[Stored items from a collection]
----------
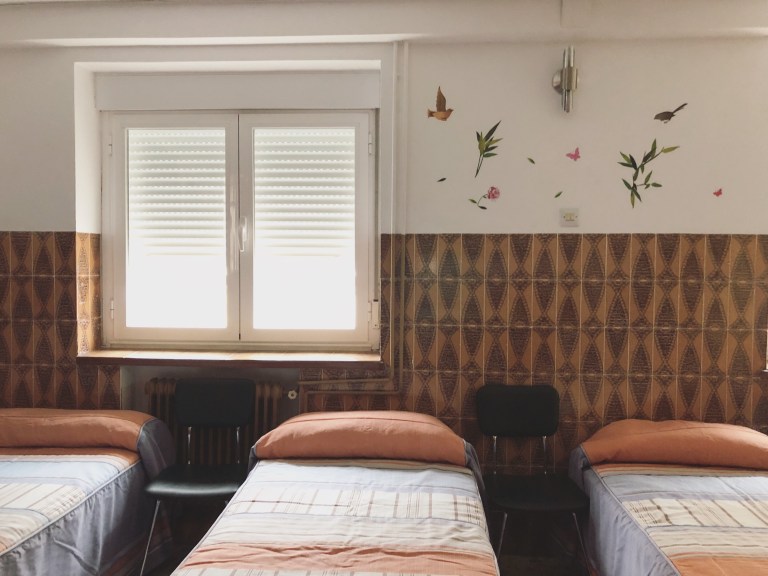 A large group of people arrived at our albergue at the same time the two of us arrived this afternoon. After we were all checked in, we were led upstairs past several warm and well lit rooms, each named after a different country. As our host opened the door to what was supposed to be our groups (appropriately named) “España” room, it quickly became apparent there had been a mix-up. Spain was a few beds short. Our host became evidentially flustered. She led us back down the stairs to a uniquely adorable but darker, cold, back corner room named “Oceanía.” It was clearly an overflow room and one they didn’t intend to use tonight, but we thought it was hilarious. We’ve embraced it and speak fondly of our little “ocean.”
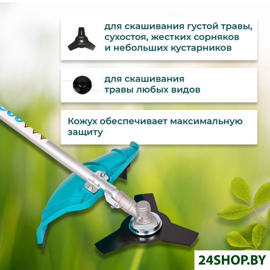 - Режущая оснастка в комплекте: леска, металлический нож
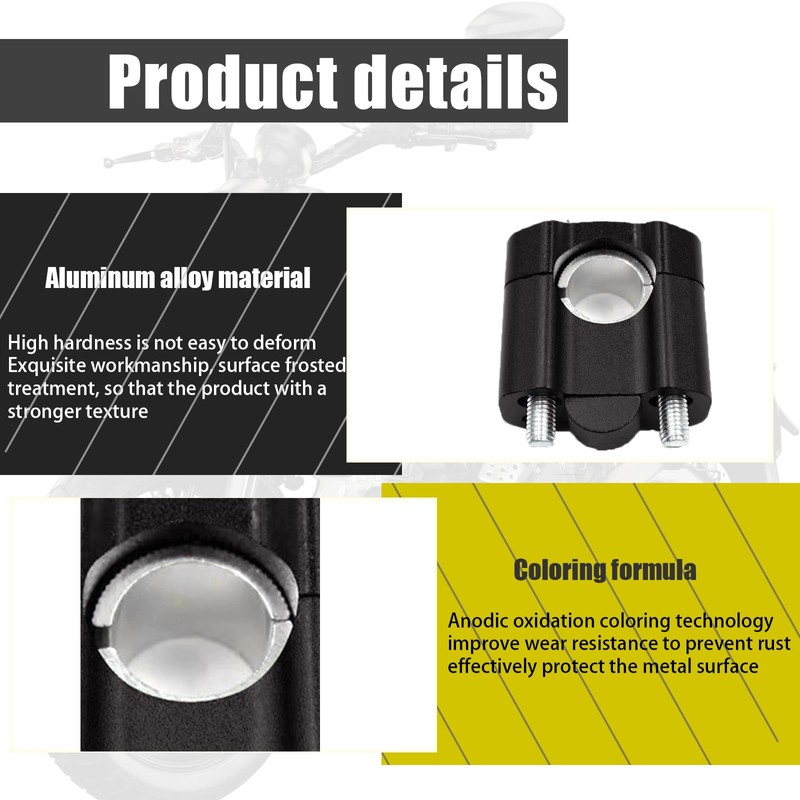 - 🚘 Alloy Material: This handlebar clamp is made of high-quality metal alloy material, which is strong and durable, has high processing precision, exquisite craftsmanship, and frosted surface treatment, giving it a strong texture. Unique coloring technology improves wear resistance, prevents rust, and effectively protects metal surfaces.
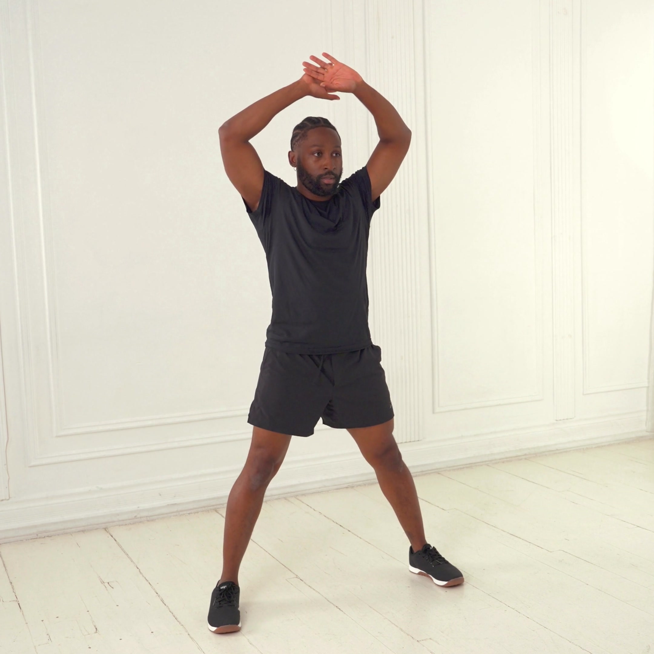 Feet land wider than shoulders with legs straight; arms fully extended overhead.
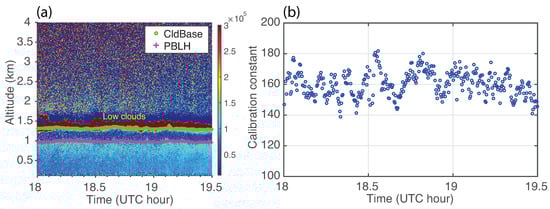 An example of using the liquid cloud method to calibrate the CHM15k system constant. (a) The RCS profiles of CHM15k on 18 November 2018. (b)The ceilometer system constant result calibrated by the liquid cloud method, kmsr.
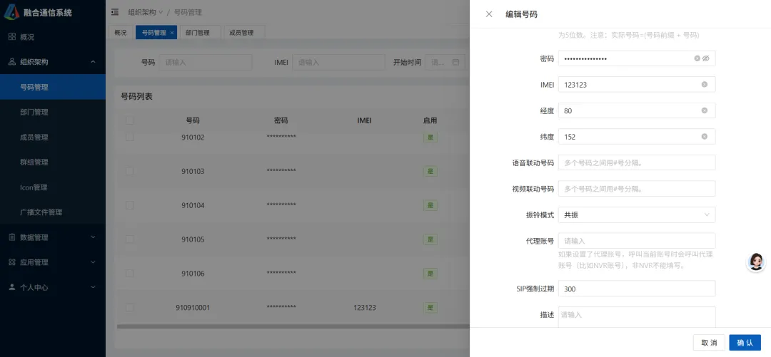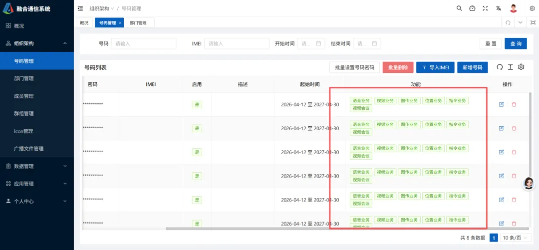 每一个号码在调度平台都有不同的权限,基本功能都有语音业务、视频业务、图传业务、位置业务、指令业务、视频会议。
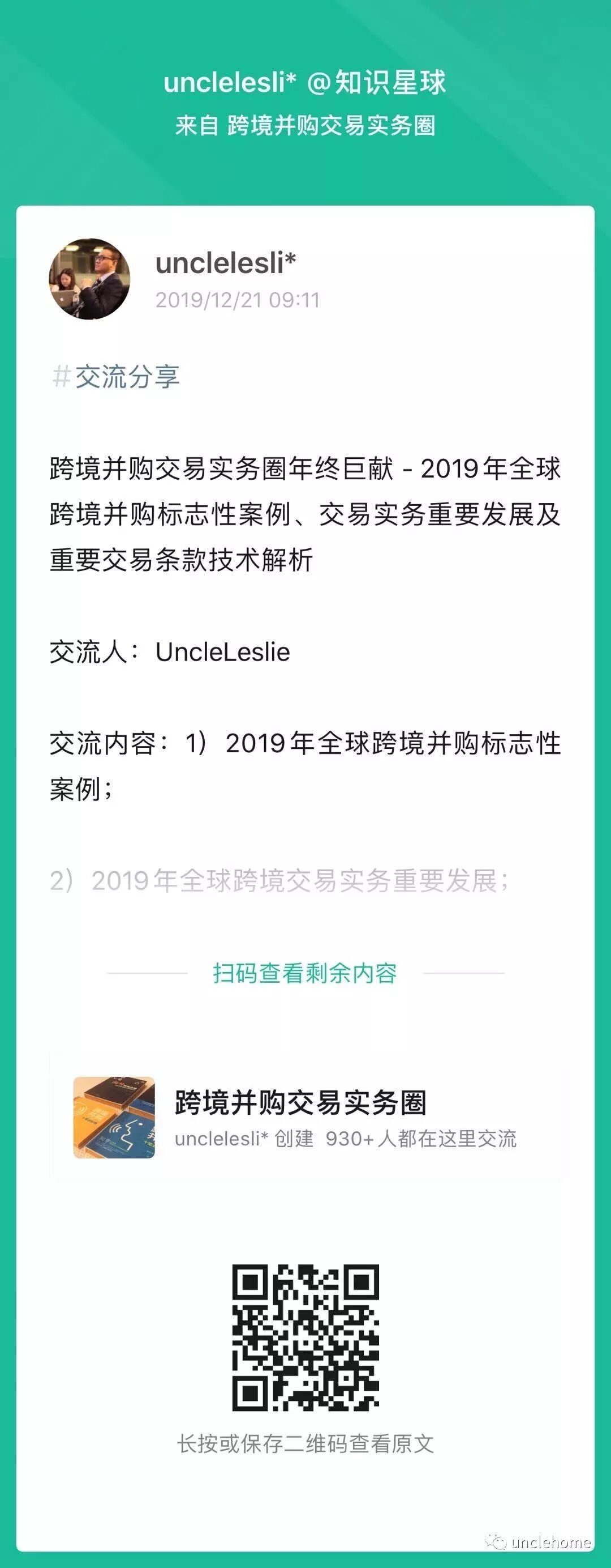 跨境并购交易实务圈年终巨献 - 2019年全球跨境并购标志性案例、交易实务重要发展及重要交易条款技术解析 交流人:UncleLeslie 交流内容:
----------
Aim of the task — Beginning with the line that contains "- 🚘 Alloy Material: This" and ending with the last line of the data, restate each line word for word. Exclude the pictures.

Final answer —
 - 🚘 Alloy Material: This handlebar clamp is made of high-quality metal alloy material, which is strong and durable, has high processing precision, exquisite craftsmanship, and frosted surface treatment, giving it a strong texture. Unique coloring technology improves wear resistance, prevents rust, and effectively protects metal surfaces.
 Feet land wider than shoulders with legs straight; arms fully extended overhead.
 An example of using the liquid cloud method to calibrate the CHM15k system constant. (a) The RCS profiles of CHM15k on 18 November 2018. (b)The ceilometer system constant result calibrated by the liquid cloud method, kmsr.
 每一个号码在调度平台都有不同的权限,基本功能都有语音业务、视频业务、图传业务、位置业务、指令业务、视频会议。
 跨境并购交易实务圈年终巨献 - 2019年全球跨境并购标志性案例、交易实务重要发展及重要交易条款技术解析 交流人:UncleLeslie 交流内容:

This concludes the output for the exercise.